Но этот ребенок! «Чудо-паренек», как щебечет каждый, увидевший Митяя. Вся ненависть мира, все его пороки, грехи, мерзость, попрание долгих упорных трудов, уничтожение смысла существования – все слилось, в тугой свинцовый шар спаялось для Анфисы в этом ребенке. Она его иначе как «выродок» мысленно не называла.
Анфиса глубоко вздохнула и повернулась к домашним:
–?Ну-у-у?!
Ее короткий выдох произвел действие ледяного дождя. Ерема спустил Митяя на пол, Марфа подскочила, взяла сына и скрылась в своей комнате. На лицах Акима и Федота погасли мечтательные гримасы и вернулась привычная хмурая покорность. Прасковья заметалась, расставляя миски и накрывая на стол. Нюраня, подхватившись, ей помогала. Петр загыгыкал. Степан насупился: может мама испортить самый радостный момент! Чего ради? Что ей все неймется?

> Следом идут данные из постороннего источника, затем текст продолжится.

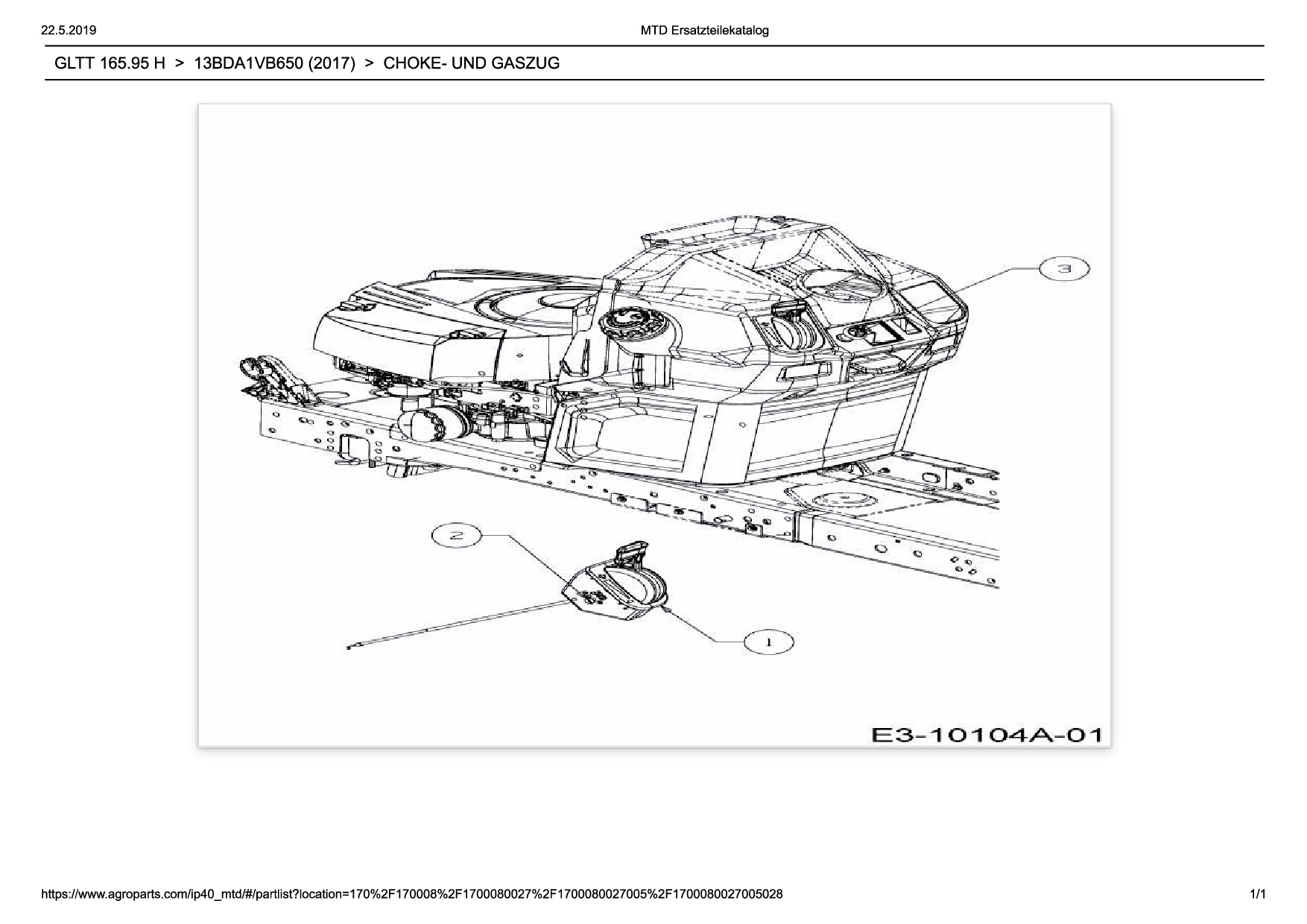 Ersatzteile für Rasentraktor Wolf-Garten Expert GLTT 165.95 H aus der Zeichnung Choke- und Gaszug:

Василий Кузьмич, пятерней почесав бородку, уселся на свое место и пожал плечами:
–?Подчас я вас не понимаю. Сибирь, глушь, дичь, и в то же время, понимаете ли, милостивые государи, нюансы витают в воздухе. Для нюансов я уже стар, память ни к черту. Нюраня! Если твоя мама не нальет мне рюмку, то я ей не скажу, что у Буяна киста яичка. Этот бык, знаете ли, непостижимым образом на меня воздействует. Без стакана самогона… Сейчас! – уточнил доктор и ткнул пальцем в сторону буфета. – И завтра! Я к Буяну без стакана для смелости под брюхо не полезу. Операция, честно говоря, пустяковая. Однако! Что однако? В чем смысл нашей мужской жизни, когда у быка Буяна этот смысл по земле телепается? И кто на земле венец творения получается?
Клад
Данилка Сорокин скоро прознал, куда уплывает его золотишко, сбываемое барышнику, – к ненавистным Медведевым. Сам Данилка сокровищ не копил, драгоценные бирюльки ему были без надобности. Бабы, с которыми он имел дело, не стоили того, чтобы их баловать, собственные потребности заключались в хорошей еде, выпивке, фартовой одежде и кокаине. Последняя статья – самая расходная, барышник драл втридорога за порошок, зато можно было не сомневаться, что Савелий Афанасьевич молоть языком не будет и «товарищи», как Сорока мысленно и презрительно называл коммунистов-большевиков, не узнают о его пристрастии к наркотику. Без кокаина в последнее время он не обходился.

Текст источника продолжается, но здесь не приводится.